I have done contemplative
serenity and charismatic joy.
I have
degrees and certificates to prove it. It was all a rush.
It felt
really good and I was proud of how spiritual I was.
But I didn’t
meet God until I was in the kind of panic Jacob felt.
And I can
tell you this.
God may be
in the lovely sunrise and the babbling brook.
But we
connect with God in the dark night of despair.
When God
showed up for Jacob,
it was not as a kindly comforter.
God came to
Jacob like a mugger.
This is not
a nice God, but a fearsome God.
So Jacob
struggled.
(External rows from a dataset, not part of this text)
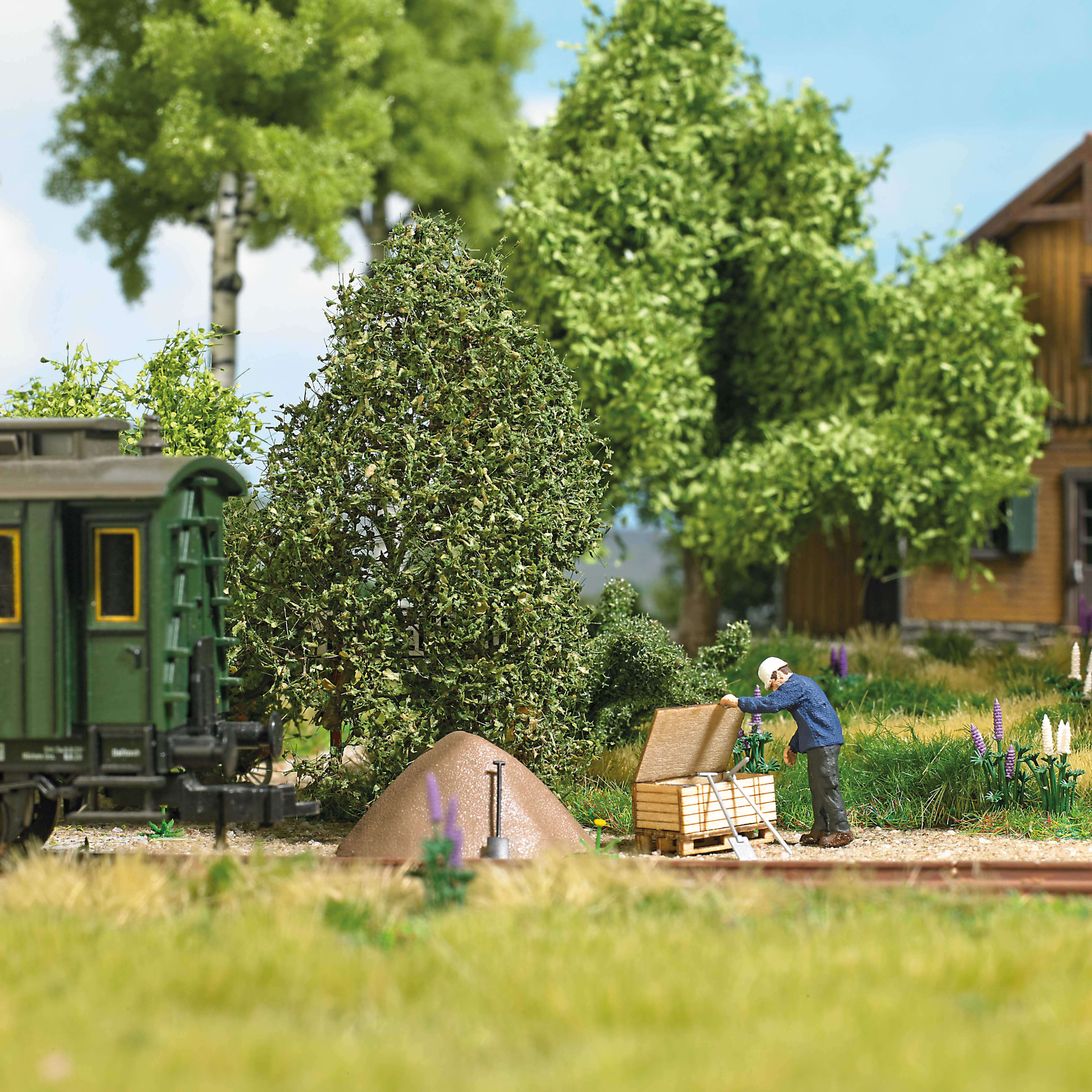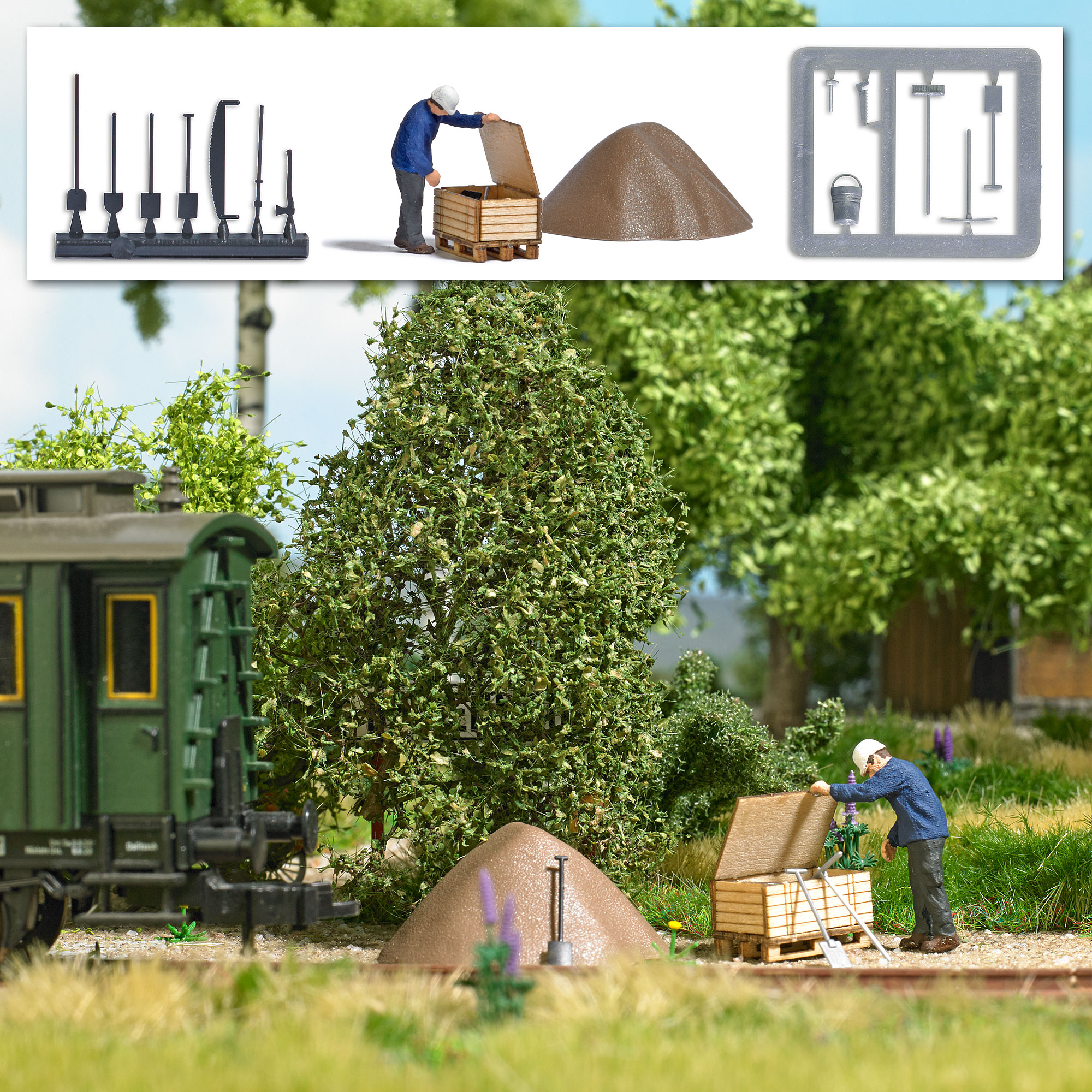 Mann und Mädchen, die Beeren von einem Feld mit Waldheidelbeeren (ca. 80 x 70 mm) pflücken.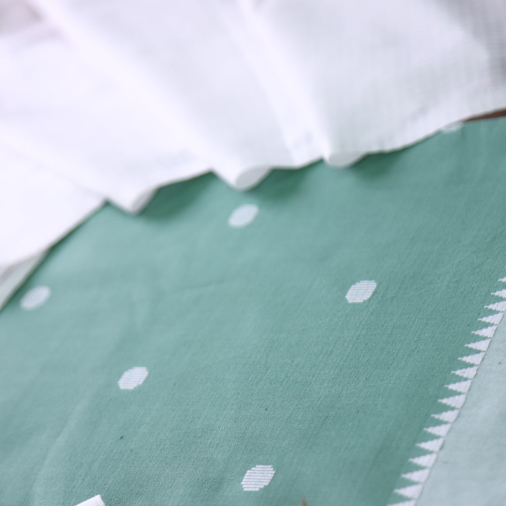 Janki Cambridge Sage All Over Thread Weaved Buti with Temple Hem Cotton Suit Set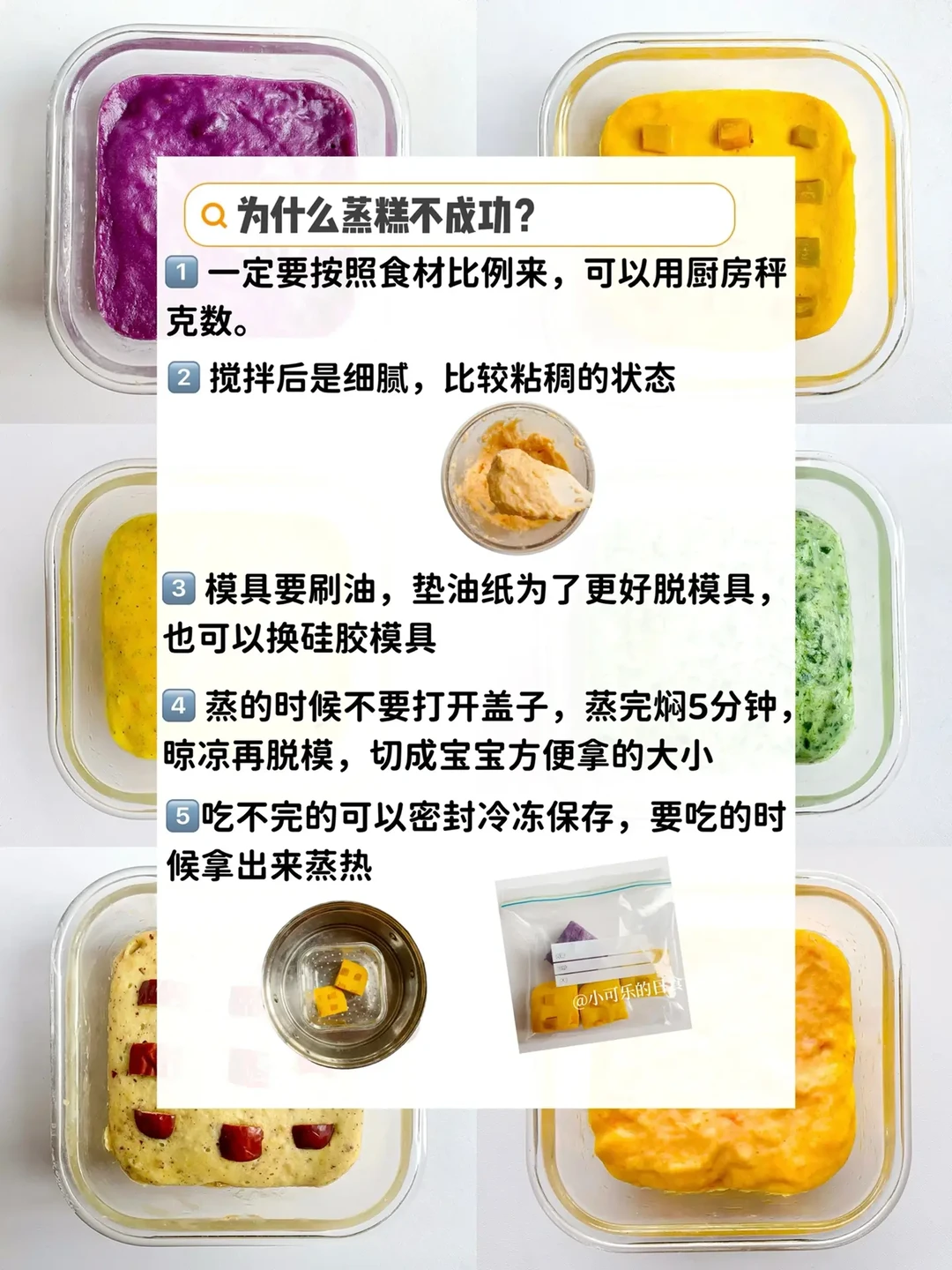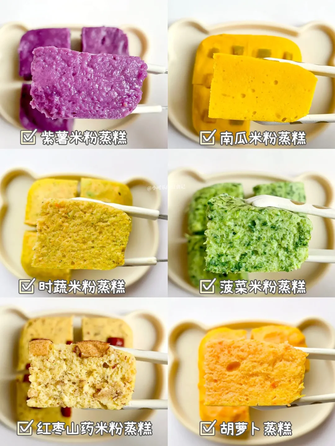 今天分享六款米粉蒸糕,一次就能成功那种,把闲置的米粉做成好看又好吃的手指食物,可以锻炼宝宝抓握能力和咀嚼能力。米粉版的蒸糕松软好吃,快给宝宝安排吧✅

He fought tooth and nail.
There is a
point in that too.
If we take
God seriously, we don’t just smile and nod politely.
If we take
God seriously, we don’t just sing songs
about how sweet everything is.
We struggle.
There are
several ways to struggle with God.
We might not
be so sure God exists,
and might want to say “Why don’t you
just show yourself?”
We might not
be so sure God is good,
since the creation seems pretty
harsh.
We might not
get how Jesus dying on the cross
does any good.
since it makes us feel small
-- as if God might be
better than we are.
Who does he think he is, anyway?
Or we might
just want God to do something for us,
and God might not be coming through.
After all,
what good is a God who does not obey our commandments?
We don’t get
to know God until we struggle with God.
That’s ok
because getting to know God
isn’t actually that high on our
priority list
– not until we need God
desperately.
A young man
went to see a Zen master and said “I want to learn Zen.”
The Master
grabbed him by the neck, pushed his head into a stream,
and held him down.
When the
young man came up gasping and coughing,
the Zen master said,
“When you want Zen the way you just
wanted a breath,
then you will know Zen.”
That’s when
we know God – when we need God like our next breath.
Then, and
only then, do we get honest.
Then and
only then do we struggle with God.
Remember
what God named his chosen people,
not the beautiful and the good
people,
not the nice and the moral people,
not the people who always obey God
like children,
but Israel – the people who struggle
with God.
And struggle
they did. Read the psalms and the prophets.
For
centuries, Jacob’s descendants continued to fight with God.
The honest
spiritual life is not all flowers and valentines
anymore than the honest marriage is.
It’s a
struggle.
Jacob did
not come out of the struggle unmarked.
God blessed
him and dislocated his hip.
So Jacob
walked with a limp after that.
We can know
God and still live in the world,
but we will never be the same, never
quite at home here.
Honest
religion isn’t about getting our spiritual sunshine vitamins
and smiling all the time.
It’s facing
reality without blinking.
After that
we will be stronger, wiser, saner, but not the same.